Тогда в глазах девушки вспыхнуло что-то враждебное ему. Он ясно видел это и оробел пред нею, но тотчас же рассердился на себя за эту робость.
- Да, я думаю, вам не легко понять такую простую мысль, - говорила она, отступив от прилавка к двери. - Но - представьте себе, что вы рабочий, вы делаете всё это…
Широким жестом руки она повела по магазину и продолжала рассказывать ему о том, как труд обогащает всех, кроме того, кто трудится. Сначала она говорила так, как всегда, - сухо, отчётливо, и некрасивое лицо её было неподвижно, а потом брови у ней дрогнули, нахмурились, ноздри раздулись, и, высоко вскинув голову, она в упор кидала Илье крепкие слова, пропитанные молодой, непоколебимой верой в их правду.
- Торгаш стоит между рабочим и покупателем… он ничего не делает, но увеличивает цену вещи… торговля - узаконенное воровство.

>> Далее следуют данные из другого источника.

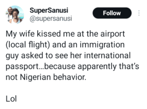 “My wife kissed me at the airport (local flight) and an immigration guy asked to see her international passport…because apparently that’s not Nigerian behavior,” he wrote in a post on Tuesday, March 26.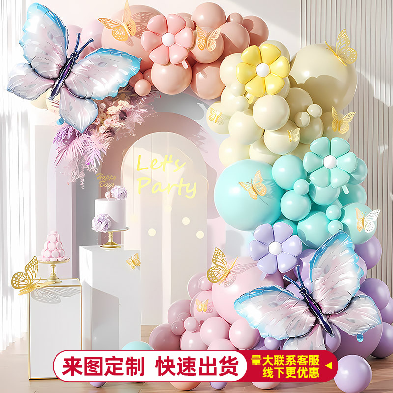 蝴蝶结卡通网红气球链场景布置派对气球装饰品生日仪式感背景墙

Илья чувствовал себя оскорблённым, но не находил слов, чтоб возразить этой дерзкой девушке, прямо в глаза ему говорившей, что он бездельник и вор. Он стиснул зубы, слушал и не верил её словам, не мог верить. И, отыскивая в себе такое слово, которое сразу бы опрокинуло все её речи, заставило бы замолчать её, - он в то же время любовался её дерзостью… А обидные слова, удивляя его, вызывали в нём тревожный вопрос: “За что?”